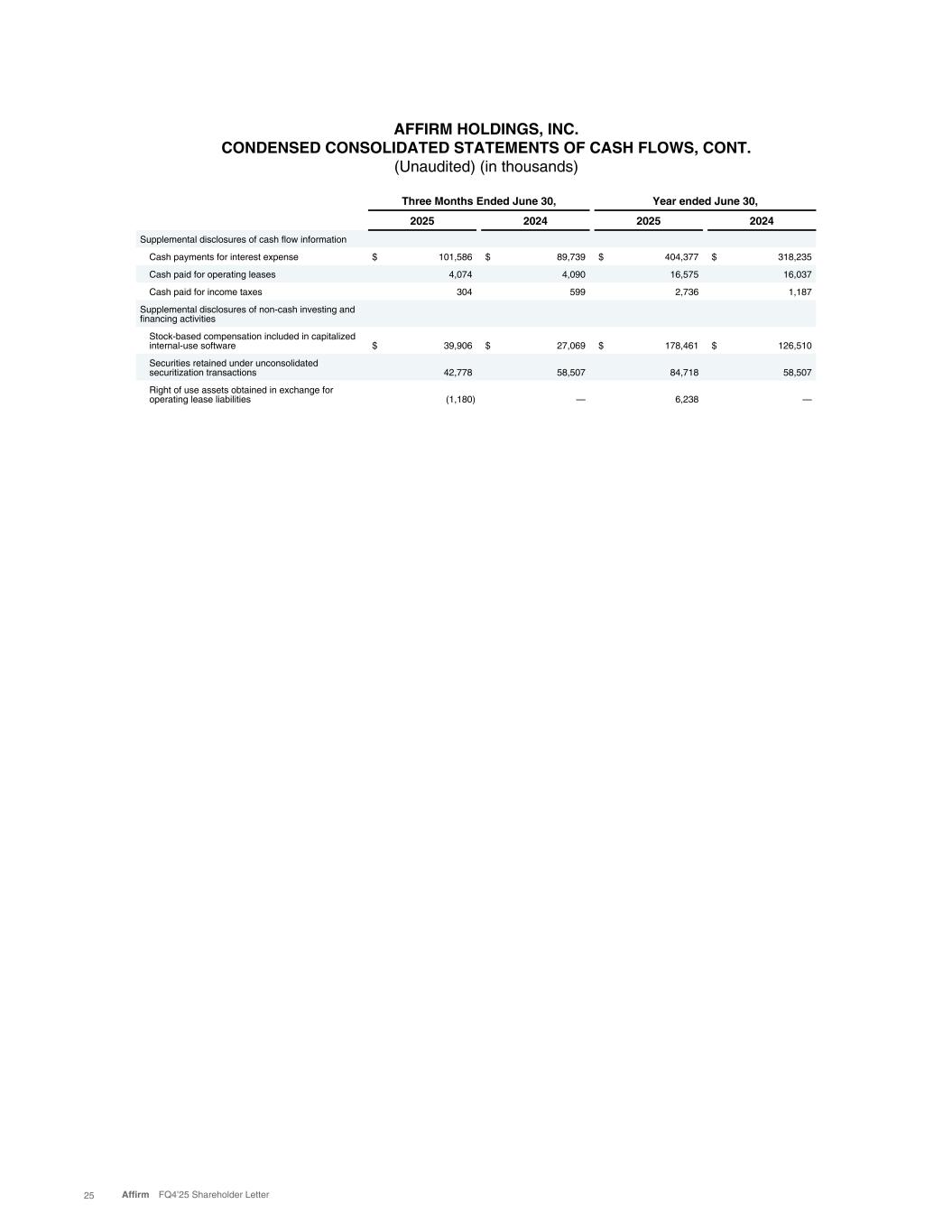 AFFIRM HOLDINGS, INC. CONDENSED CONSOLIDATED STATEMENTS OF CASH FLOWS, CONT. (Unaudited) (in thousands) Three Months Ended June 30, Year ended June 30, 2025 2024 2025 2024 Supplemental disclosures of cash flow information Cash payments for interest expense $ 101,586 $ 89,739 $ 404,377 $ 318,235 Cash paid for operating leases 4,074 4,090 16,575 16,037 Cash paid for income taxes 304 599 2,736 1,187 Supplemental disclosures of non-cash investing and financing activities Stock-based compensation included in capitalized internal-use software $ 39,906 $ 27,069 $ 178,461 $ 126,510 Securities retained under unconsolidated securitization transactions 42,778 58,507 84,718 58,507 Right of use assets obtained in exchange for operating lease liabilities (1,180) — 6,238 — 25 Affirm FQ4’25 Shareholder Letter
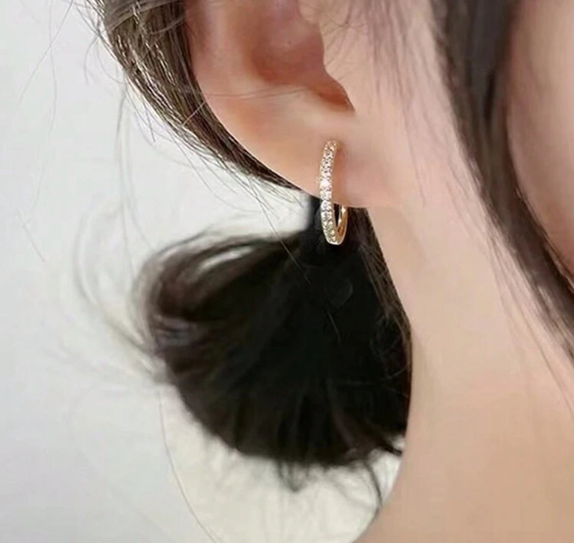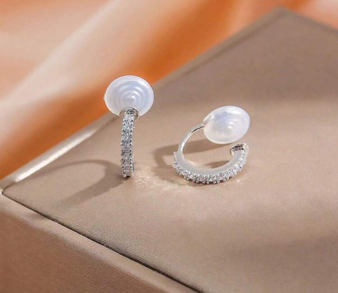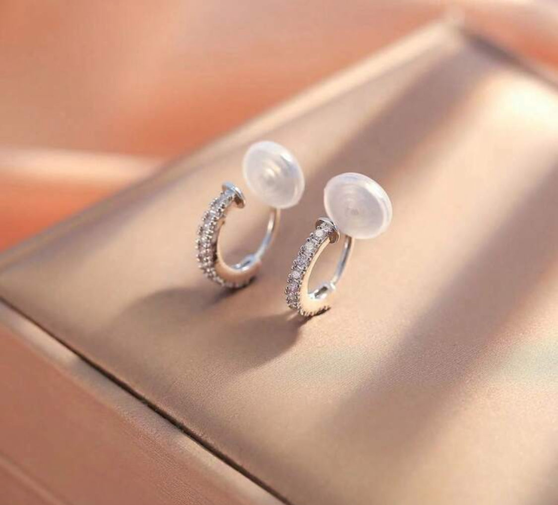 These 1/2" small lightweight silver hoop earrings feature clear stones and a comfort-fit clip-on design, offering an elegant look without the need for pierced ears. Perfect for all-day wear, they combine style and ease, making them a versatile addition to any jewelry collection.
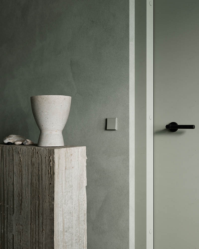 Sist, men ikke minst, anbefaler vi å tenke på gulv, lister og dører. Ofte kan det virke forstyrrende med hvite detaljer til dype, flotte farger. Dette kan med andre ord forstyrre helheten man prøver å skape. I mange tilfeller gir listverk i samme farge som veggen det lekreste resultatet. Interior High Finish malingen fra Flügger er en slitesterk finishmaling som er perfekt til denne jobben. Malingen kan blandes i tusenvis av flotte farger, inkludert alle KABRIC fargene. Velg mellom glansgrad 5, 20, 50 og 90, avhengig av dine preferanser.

| YOUR TASK |
Could you copy the lines above exactly and skip the images?

| ANSWER TO THIS EXERCISE |
 AFFIRM HOLDINGS, INC. CONDENSED CONSOLIDATED STATEMENTS OF CASH FLOWS, CONT. (Unaudited) (in thousands) Three Months Ended June 30, Year ended June 30, 2025 2024 2025 2024 Supplemental disclosures of cash flow information Cash payments for interest expense $ 101,586 $ 89,739 $ 404,377 $ 318,235 Cash paid for operating leases 4,074 4,090 16,575 16,037 Cash paid for income taxes 304 599 2,736 1,187 Supplemental disclosures of non-cash investing and financing activities Stock-based compensation included in capitalized internal-use software $ 39,906 $ 27,069 $ 178,461 $ 126,510 Securities retained under unconsolidated securitization transactions 42,778 58,507 84,718 58,507 Right of use assets obtained in exchange for operating lease liabilities (1,180) — 6,238 — 25 Affirm FQ4’25 Shareholder Letter
 These 1/2" small lightweight silver hoop earrings feature clear stones and a comfort-fit clip-on design, offering an elegant look without the need for pierced ears. Perfect for all-day wear, they combine style and ease, making them a versatile addition to any jewelry collection.
 Sist, men ikke minst, anbefaler vi å tenke på gulv, lister og dører. Ofte kan det virke forstyrrende med hvite detaljer til dype, flotte farger. Dette kan med andre ord forstyrre helheten man prøver å skape. I mange tilfeller gir listverk i samme farge som veggen det lekreste resultatet. Interior High Finish malingen fra Flügger er en slitesterk finishmaling som er perfekt til denne jobben. Malingen kan blandes i tusenvis av flotte farger, inkludert alle KABRIC fargene. Velg mellom glansgrad 5, 20, 50 og 90, avhengig av dine preferanser.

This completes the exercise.